Scan the entries and state how many lines contain "only". Write no other text.

Material for this task Start Marker

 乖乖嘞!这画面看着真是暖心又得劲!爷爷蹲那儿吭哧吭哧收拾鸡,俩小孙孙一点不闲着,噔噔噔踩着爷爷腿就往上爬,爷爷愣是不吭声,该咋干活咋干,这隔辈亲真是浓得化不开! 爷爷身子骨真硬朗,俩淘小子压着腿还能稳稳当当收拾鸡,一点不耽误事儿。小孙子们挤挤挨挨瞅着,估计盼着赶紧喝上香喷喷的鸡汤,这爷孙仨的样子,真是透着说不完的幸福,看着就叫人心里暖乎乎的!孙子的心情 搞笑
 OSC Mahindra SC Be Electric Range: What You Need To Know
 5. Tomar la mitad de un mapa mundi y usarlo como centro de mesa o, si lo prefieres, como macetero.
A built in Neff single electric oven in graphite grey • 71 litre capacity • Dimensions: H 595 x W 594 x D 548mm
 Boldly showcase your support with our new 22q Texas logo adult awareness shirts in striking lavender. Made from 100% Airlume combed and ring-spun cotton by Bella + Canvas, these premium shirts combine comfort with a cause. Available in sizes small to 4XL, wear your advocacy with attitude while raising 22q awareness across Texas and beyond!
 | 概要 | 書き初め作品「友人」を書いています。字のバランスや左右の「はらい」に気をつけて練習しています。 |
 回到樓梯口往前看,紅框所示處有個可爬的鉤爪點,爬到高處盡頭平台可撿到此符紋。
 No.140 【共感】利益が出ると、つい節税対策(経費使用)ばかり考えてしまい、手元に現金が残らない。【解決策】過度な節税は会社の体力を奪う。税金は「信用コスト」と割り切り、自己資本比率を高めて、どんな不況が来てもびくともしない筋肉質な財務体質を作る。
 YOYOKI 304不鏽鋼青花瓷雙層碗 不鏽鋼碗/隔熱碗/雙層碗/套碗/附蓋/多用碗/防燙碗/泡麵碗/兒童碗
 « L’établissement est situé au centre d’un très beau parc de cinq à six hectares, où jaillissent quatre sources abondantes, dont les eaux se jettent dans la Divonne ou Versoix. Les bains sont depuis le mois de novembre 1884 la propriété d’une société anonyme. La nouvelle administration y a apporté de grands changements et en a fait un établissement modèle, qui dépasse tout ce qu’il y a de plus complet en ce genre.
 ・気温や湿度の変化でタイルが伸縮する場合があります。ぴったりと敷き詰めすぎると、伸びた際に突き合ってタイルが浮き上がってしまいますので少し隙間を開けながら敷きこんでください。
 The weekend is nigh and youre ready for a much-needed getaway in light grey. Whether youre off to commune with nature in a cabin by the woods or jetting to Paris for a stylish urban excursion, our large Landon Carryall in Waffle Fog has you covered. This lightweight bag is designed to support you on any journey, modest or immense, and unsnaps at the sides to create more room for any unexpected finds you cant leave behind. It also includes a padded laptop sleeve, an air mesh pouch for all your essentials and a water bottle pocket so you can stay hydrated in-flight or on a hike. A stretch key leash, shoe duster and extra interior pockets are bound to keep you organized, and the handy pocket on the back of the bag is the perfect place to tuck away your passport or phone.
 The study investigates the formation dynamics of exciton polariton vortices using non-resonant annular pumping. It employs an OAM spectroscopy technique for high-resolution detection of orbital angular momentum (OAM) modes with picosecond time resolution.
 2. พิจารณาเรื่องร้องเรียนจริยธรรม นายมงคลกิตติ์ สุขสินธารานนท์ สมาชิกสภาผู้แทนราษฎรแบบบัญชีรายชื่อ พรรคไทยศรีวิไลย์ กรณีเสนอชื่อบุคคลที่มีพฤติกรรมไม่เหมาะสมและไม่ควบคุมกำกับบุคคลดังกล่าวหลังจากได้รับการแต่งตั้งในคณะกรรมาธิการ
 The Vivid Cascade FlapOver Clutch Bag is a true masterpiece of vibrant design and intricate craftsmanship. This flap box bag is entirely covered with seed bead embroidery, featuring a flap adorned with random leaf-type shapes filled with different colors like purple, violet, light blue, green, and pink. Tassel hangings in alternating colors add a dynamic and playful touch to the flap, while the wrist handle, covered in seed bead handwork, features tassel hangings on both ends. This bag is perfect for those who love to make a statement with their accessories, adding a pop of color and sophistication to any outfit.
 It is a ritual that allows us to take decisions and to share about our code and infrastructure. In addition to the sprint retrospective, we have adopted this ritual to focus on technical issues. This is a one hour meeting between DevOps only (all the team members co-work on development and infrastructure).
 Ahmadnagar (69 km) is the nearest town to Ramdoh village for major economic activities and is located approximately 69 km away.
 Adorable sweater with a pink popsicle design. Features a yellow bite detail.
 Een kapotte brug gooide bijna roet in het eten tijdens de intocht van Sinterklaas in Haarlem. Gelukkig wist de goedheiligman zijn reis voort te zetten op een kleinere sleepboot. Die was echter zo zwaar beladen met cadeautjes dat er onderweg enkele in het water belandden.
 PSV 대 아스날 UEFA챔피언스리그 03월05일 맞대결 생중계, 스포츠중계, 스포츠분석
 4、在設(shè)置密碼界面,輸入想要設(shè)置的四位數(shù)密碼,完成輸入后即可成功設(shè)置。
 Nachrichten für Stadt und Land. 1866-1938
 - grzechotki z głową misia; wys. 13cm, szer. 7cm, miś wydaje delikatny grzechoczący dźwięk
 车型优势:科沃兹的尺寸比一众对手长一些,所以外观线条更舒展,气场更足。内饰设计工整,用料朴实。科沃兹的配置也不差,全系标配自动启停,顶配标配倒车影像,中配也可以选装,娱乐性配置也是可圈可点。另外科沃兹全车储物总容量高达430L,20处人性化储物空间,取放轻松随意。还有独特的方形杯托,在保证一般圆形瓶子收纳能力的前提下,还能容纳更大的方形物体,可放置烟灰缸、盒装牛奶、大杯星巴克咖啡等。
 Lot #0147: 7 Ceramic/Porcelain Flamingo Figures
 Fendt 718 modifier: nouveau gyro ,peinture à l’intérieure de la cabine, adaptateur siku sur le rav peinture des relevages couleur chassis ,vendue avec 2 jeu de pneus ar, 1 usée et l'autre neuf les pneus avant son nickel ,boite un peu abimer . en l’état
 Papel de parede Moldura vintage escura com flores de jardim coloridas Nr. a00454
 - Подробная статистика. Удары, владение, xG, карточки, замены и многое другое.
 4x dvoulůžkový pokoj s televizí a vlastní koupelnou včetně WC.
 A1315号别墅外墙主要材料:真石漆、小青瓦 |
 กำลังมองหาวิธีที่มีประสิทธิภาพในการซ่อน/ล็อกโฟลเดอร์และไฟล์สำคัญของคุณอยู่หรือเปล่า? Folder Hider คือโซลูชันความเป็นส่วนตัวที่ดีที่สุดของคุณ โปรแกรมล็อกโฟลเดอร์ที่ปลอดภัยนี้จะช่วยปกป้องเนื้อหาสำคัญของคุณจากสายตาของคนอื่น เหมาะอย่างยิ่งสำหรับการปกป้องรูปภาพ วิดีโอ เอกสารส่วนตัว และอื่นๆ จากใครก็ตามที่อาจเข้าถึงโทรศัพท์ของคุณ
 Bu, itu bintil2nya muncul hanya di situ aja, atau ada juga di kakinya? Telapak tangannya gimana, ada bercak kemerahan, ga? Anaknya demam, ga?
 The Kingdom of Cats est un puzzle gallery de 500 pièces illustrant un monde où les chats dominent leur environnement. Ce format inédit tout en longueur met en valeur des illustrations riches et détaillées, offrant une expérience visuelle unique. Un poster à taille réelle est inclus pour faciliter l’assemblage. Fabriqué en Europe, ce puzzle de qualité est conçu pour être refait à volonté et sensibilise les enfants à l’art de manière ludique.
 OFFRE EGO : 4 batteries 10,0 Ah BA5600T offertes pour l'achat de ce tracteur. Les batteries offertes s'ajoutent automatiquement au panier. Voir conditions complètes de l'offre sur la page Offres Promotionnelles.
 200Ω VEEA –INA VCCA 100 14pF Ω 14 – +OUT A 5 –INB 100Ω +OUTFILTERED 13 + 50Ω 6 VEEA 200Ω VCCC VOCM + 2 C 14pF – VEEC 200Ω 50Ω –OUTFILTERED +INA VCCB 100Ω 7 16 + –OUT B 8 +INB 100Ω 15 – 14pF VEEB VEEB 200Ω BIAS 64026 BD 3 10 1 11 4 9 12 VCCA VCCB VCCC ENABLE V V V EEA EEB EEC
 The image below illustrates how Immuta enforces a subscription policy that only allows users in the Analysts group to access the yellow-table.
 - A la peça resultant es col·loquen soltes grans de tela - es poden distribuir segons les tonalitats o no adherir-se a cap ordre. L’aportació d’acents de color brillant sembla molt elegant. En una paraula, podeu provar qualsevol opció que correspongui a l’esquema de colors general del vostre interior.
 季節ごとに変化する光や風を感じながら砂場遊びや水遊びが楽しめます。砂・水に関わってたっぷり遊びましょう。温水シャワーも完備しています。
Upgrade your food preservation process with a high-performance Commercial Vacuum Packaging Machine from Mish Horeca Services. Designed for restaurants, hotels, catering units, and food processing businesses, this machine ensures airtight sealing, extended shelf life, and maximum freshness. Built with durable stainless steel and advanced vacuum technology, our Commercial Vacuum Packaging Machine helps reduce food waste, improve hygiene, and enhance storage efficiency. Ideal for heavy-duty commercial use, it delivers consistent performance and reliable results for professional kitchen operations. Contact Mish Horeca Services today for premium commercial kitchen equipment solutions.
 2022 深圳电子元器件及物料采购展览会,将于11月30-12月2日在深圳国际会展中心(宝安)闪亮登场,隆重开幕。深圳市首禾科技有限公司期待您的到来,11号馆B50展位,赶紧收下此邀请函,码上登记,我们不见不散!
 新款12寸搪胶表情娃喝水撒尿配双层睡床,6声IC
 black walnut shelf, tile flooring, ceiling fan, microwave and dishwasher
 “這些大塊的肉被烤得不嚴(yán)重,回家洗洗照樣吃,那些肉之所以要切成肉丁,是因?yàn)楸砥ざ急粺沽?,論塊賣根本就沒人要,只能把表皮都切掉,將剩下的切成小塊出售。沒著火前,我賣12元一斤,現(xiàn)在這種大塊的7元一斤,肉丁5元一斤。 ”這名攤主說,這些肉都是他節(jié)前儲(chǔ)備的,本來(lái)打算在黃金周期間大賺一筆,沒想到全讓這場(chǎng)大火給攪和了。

Material for this task End Marker

» Finished task:
2